There are four leadership roles that I have found to be useful energizing a strategic initiative. I organized them into the LIDS acronym to help you remember them: story, learning, integration, and decisions. Each of these roles provides a unique and valuable perspective that facilitates turning vision into results.
Strategic initiatives are a unique subset of all programs characterized by high ambiguity and the intention to transform the organization’s business model. The program manager of a strategic initiative does more than simply manage a portfolio of projects; he/she must tap into an unconventional set of leadership ideas. The four LIDS roles provide helpful insights.

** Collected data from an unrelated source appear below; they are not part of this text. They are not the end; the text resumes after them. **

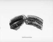 | Description: | Fragment from the foot of a large krater with a double torus moulding. Black glaze on the moulded surfaces only. Incised through the glaze. Joins with P 17915 (joined). Joins P 22992. | |
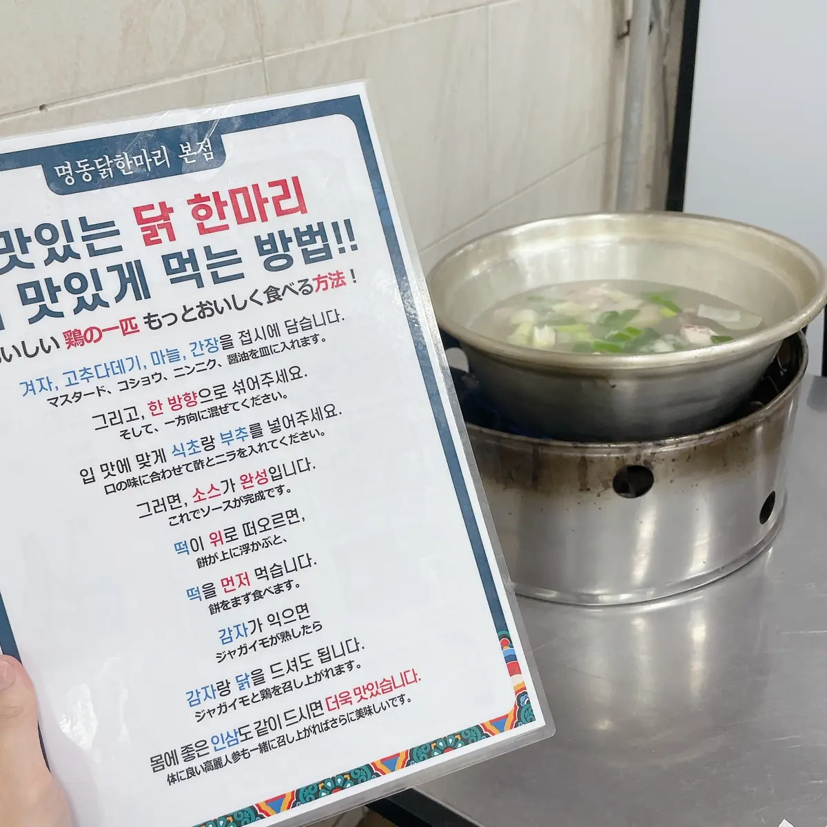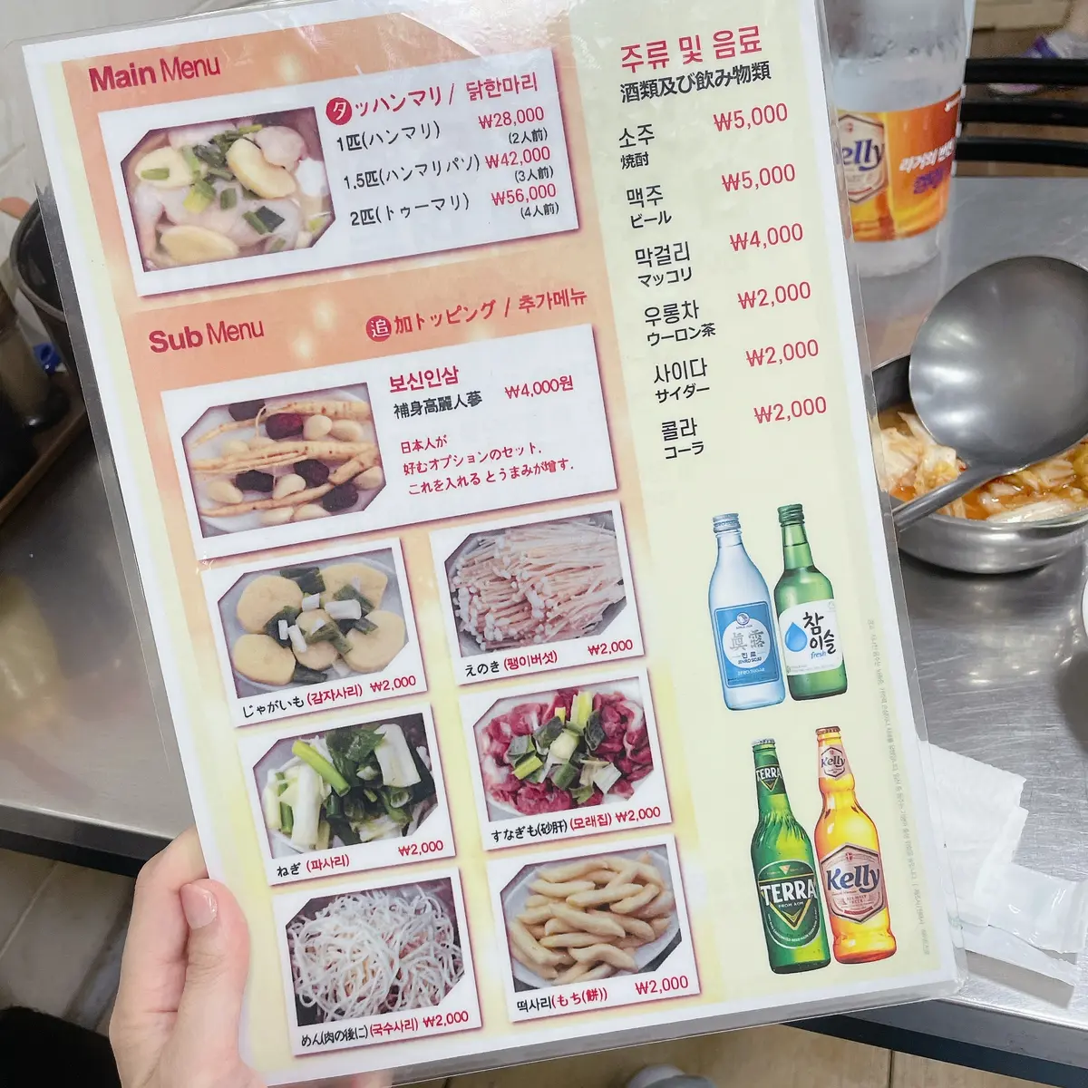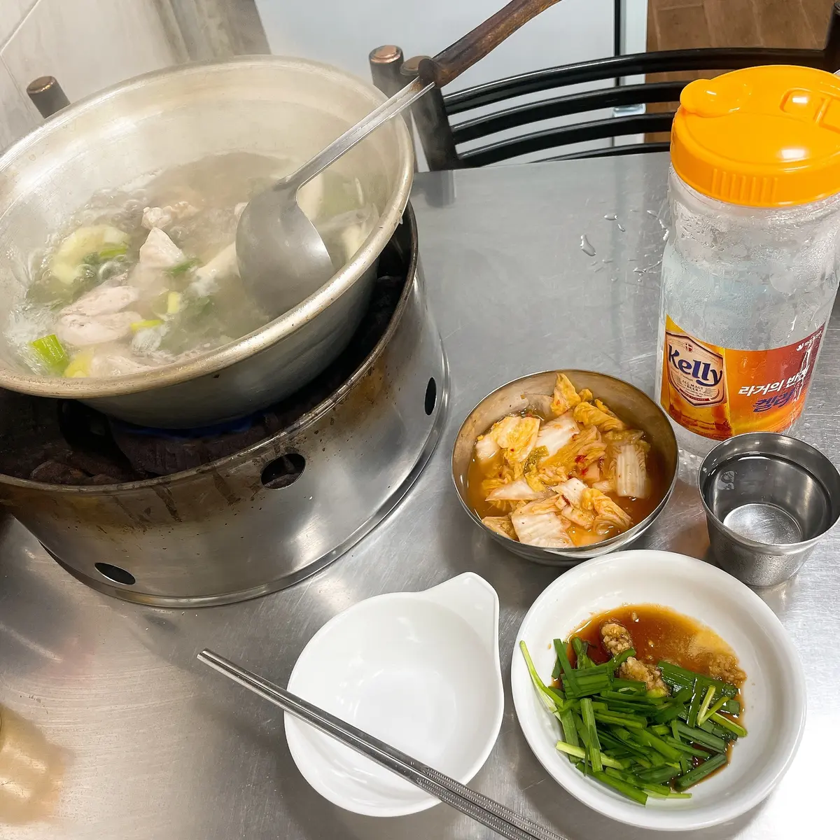 「タッカンマリ」は“鶏一羽”という意味で、鶏を丸ごと煮込んだ水炊きのような料理。スープは塩味ベースでとてもあっさり。コラーゲンたっぷりで美容にも◎。お好みで辛いタレを付けてもいいが、基本は全然辛くない。冬にぴったり、体がぽかぽか温まる一品。
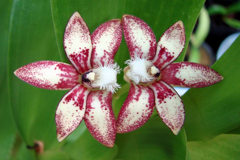 Found in northern Papua New Guinea and Bougainville at elevations of sea level to 400 meters as a medium to large sized, hot growing epiphyte on trees with a short, flattened stem carrying many curved, spreading leaves that blooms in the spring and summer on a very short to .8" [2 cm] long, 2 flowered inflorescence with short-lived flowers.
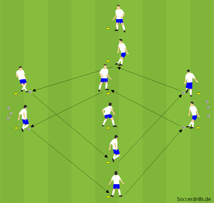 Dargestellt wurde der Ablauf mit 10 Spielern, er ist mit verschiedenen Gruppengrößen möglich. In einer Grafik befinden sich lediglich drei Spieler im Zentrum und an den Seiten jeweils ein Spieler, so lässt sich die Übung auf unterschiedliche Trainingsbeteiligung oder auf weiteren Übungsfeldern gut durchführen.
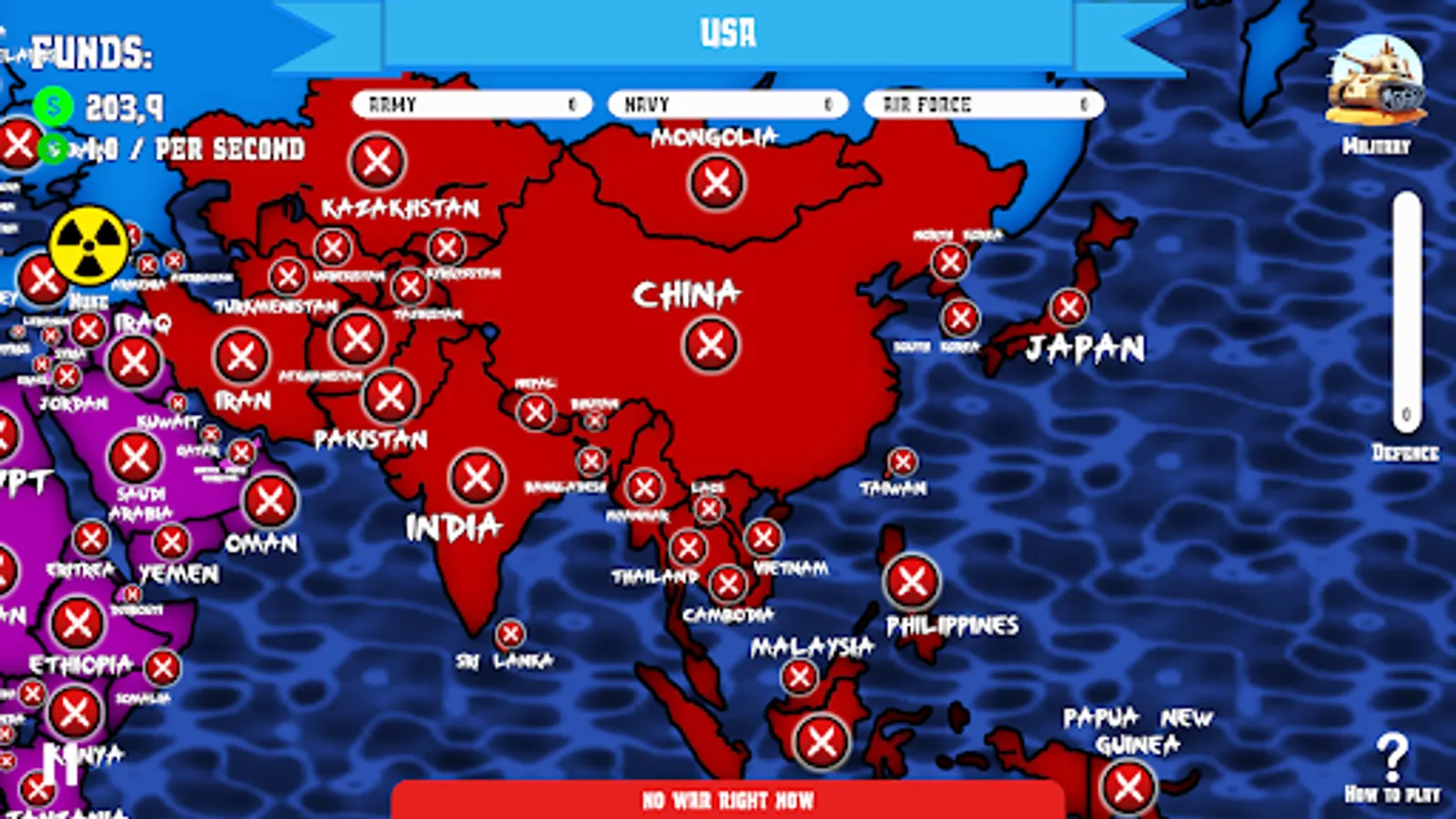 It doesn't matter if you are an experienced or inexperienced player, Dictators War: World No Peace is quick and easy to understand and play. You will see our game will meet your expectations and give you countless hours of exciting play. Will you survive the battle, conquer countries, and even conquer the world? Show us your skills in fighting and conquering the world. Think strategically and react quickly while conquering countries and territories in this epic strategy game!

Stories are a universally understood and appealing method for organizing thinking and persuading others. You can weave a lot of information into the telling AND you also arouse your listener’s emotions and energy. Peter Guber (former CEO of Mandalay Entertainment Group) explains,
“Storytelling can be used to get people’s help in carrying out your goals and ultimately to inspire business success. For the leader, storytelling is action oriented, a force for turning dreams into goals and then into results.”
Chief Learning Officer
This role is concerned with identifying unknowns and taking action to fill knowledge gaps, and transferring learning across the team (One definition of teams is that they are groups of people who learn together). The job of the leader is to create a constructive environment for learning. The mantra is this: the faster that the team can identify unknowns, the faster the program will progress.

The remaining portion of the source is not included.